> _What to produce_
Starting at the line where "Teddy shopper met" occurs, reproduce each line through the end of the entries below exactly. Omit every picture.
*** Opening of Material shown ***
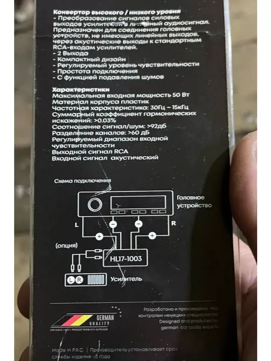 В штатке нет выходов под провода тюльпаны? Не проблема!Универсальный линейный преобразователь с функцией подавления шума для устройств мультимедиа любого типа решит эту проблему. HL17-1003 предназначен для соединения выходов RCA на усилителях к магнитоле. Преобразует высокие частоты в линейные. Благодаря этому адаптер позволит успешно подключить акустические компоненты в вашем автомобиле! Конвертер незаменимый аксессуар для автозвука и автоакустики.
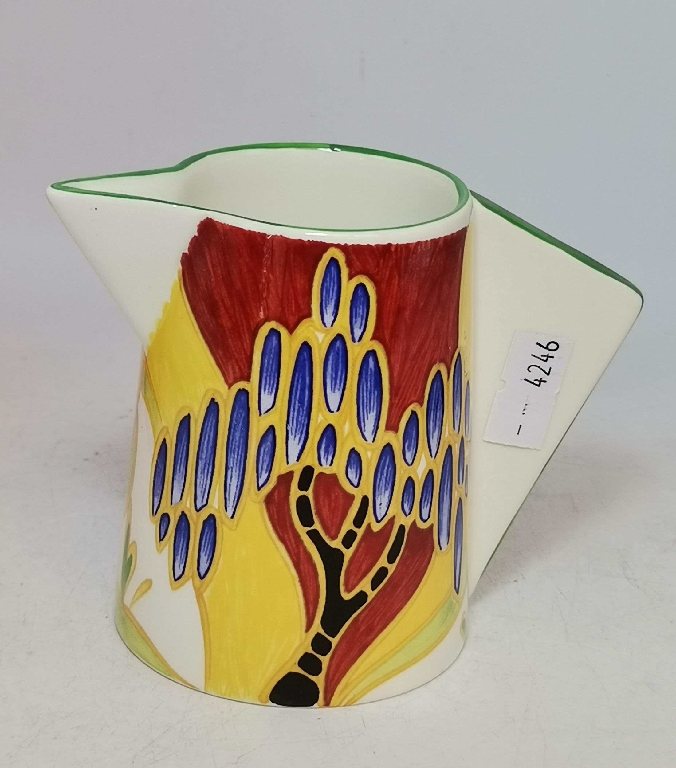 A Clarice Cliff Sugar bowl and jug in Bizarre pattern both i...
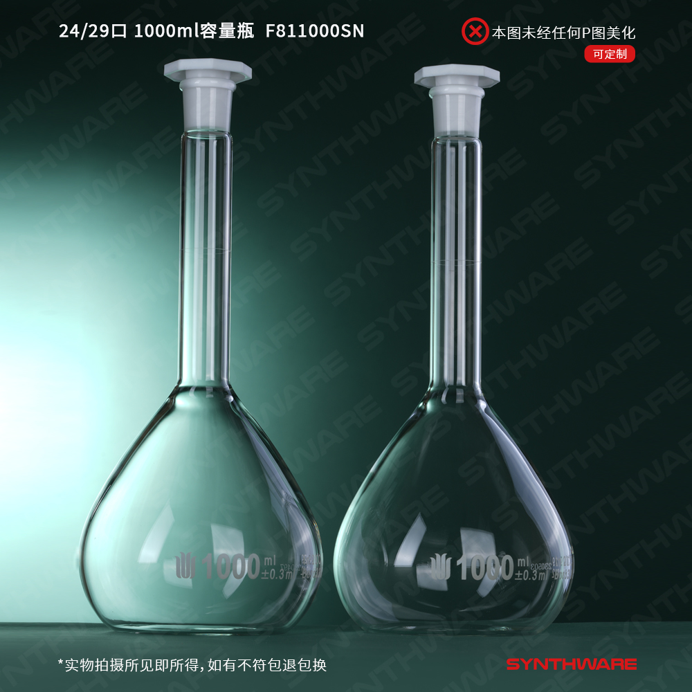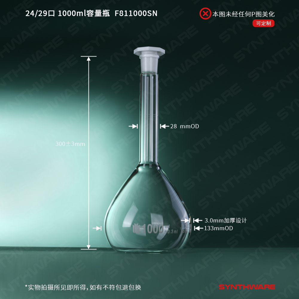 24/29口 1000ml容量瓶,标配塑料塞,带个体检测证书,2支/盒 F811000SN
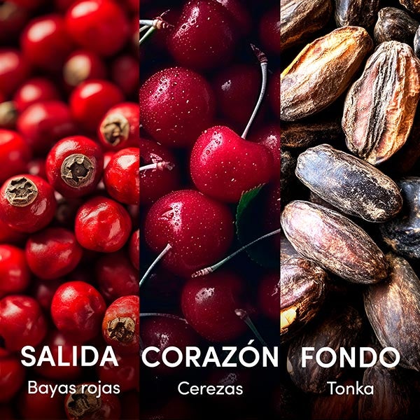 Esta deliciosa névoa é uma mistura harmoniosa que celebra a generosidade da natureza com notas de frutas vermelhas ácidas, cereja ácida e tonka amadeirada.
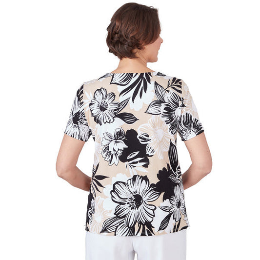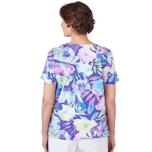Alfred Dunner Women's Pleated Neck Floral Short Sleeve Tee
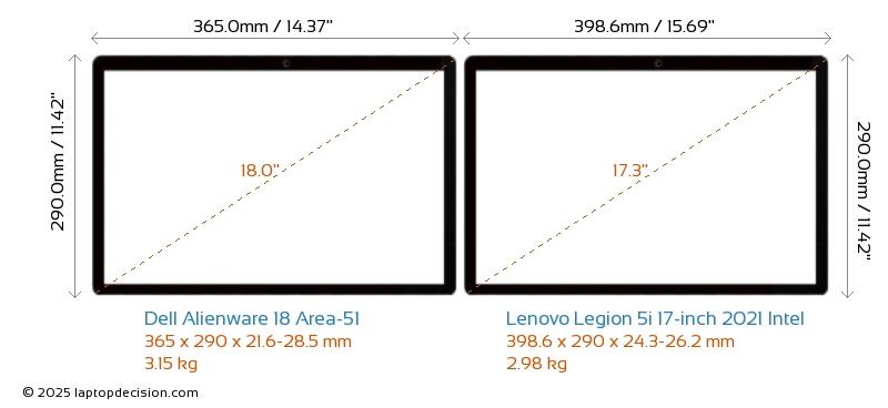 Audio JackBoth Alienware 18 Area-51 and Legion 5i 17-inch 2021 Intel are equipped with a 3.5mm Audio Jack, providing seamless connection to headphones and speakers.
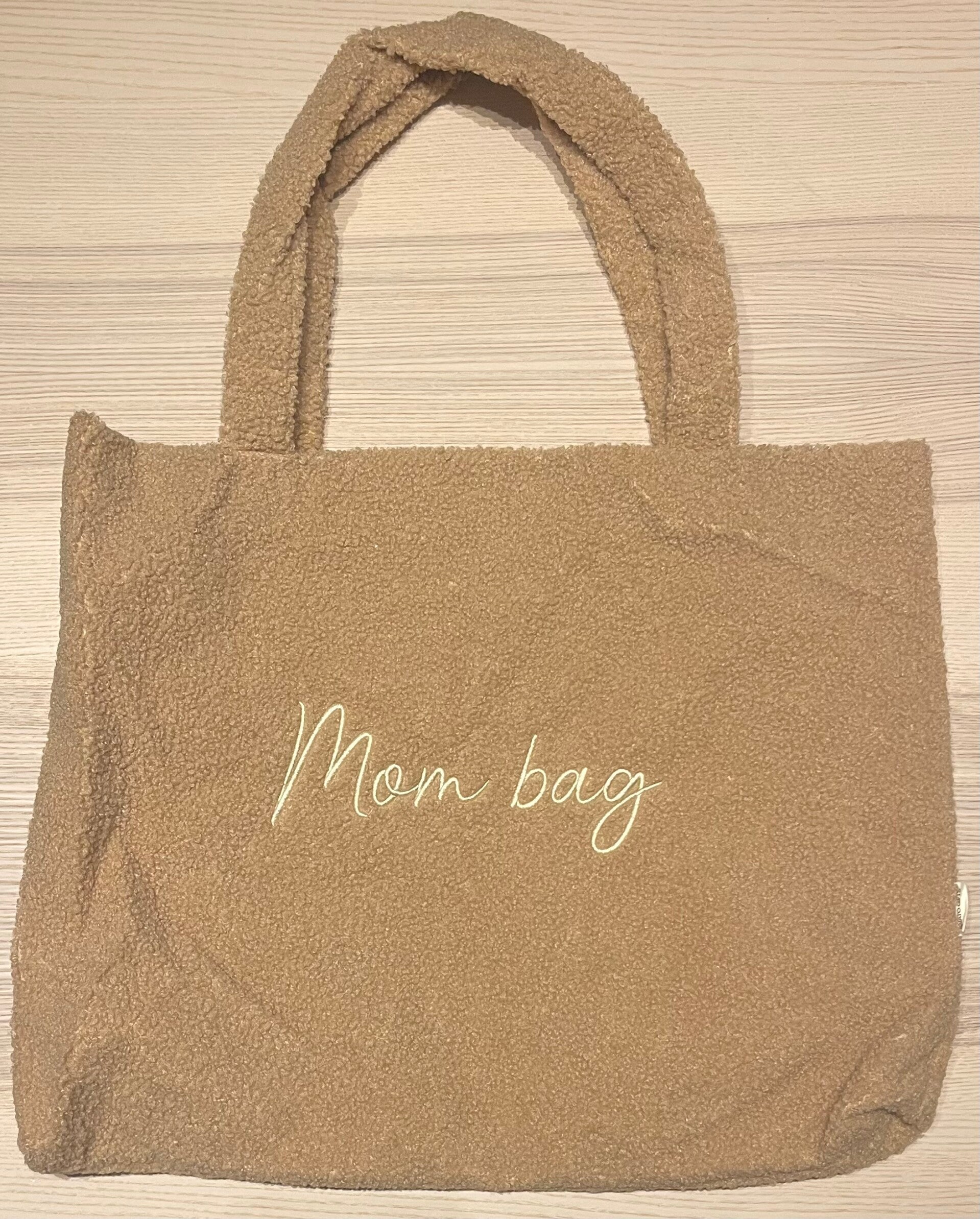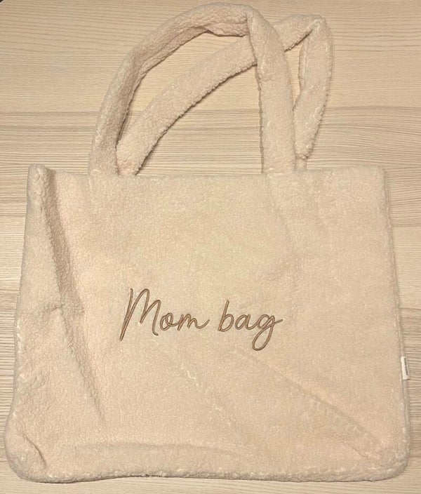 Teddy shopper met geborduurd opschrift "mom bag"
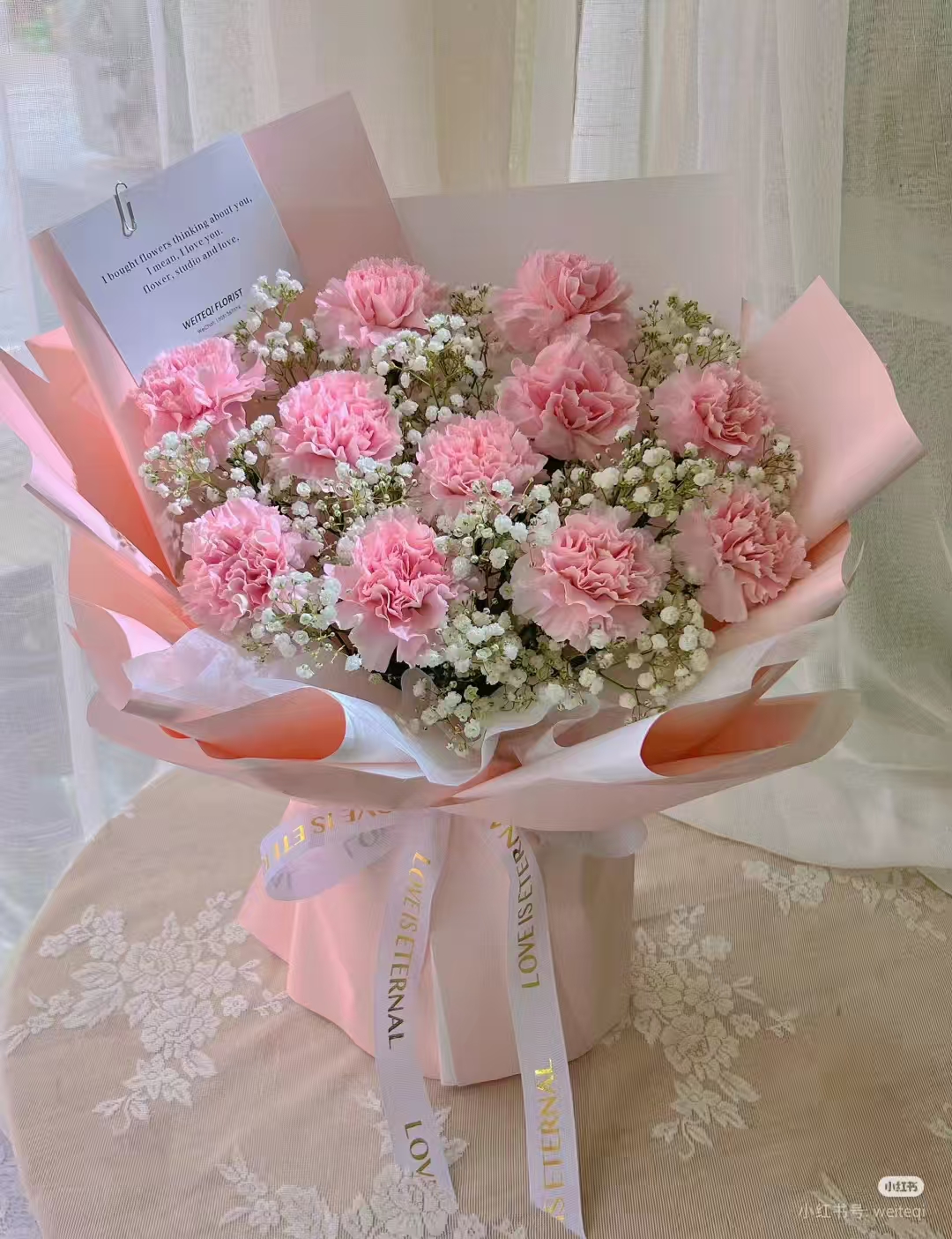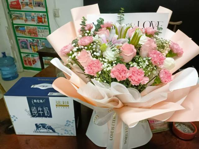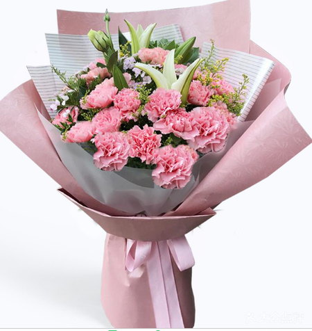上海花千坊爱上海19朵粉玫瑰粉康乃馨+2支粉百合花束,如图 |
*** Close of Material shown ***
> _Exercise result_
 Teddy shopper met geborduurd opschrift "mom bag"
上海花千坊爱上海19朵粉玫瑰粉康乃馨+2支粉百合花束,如图 |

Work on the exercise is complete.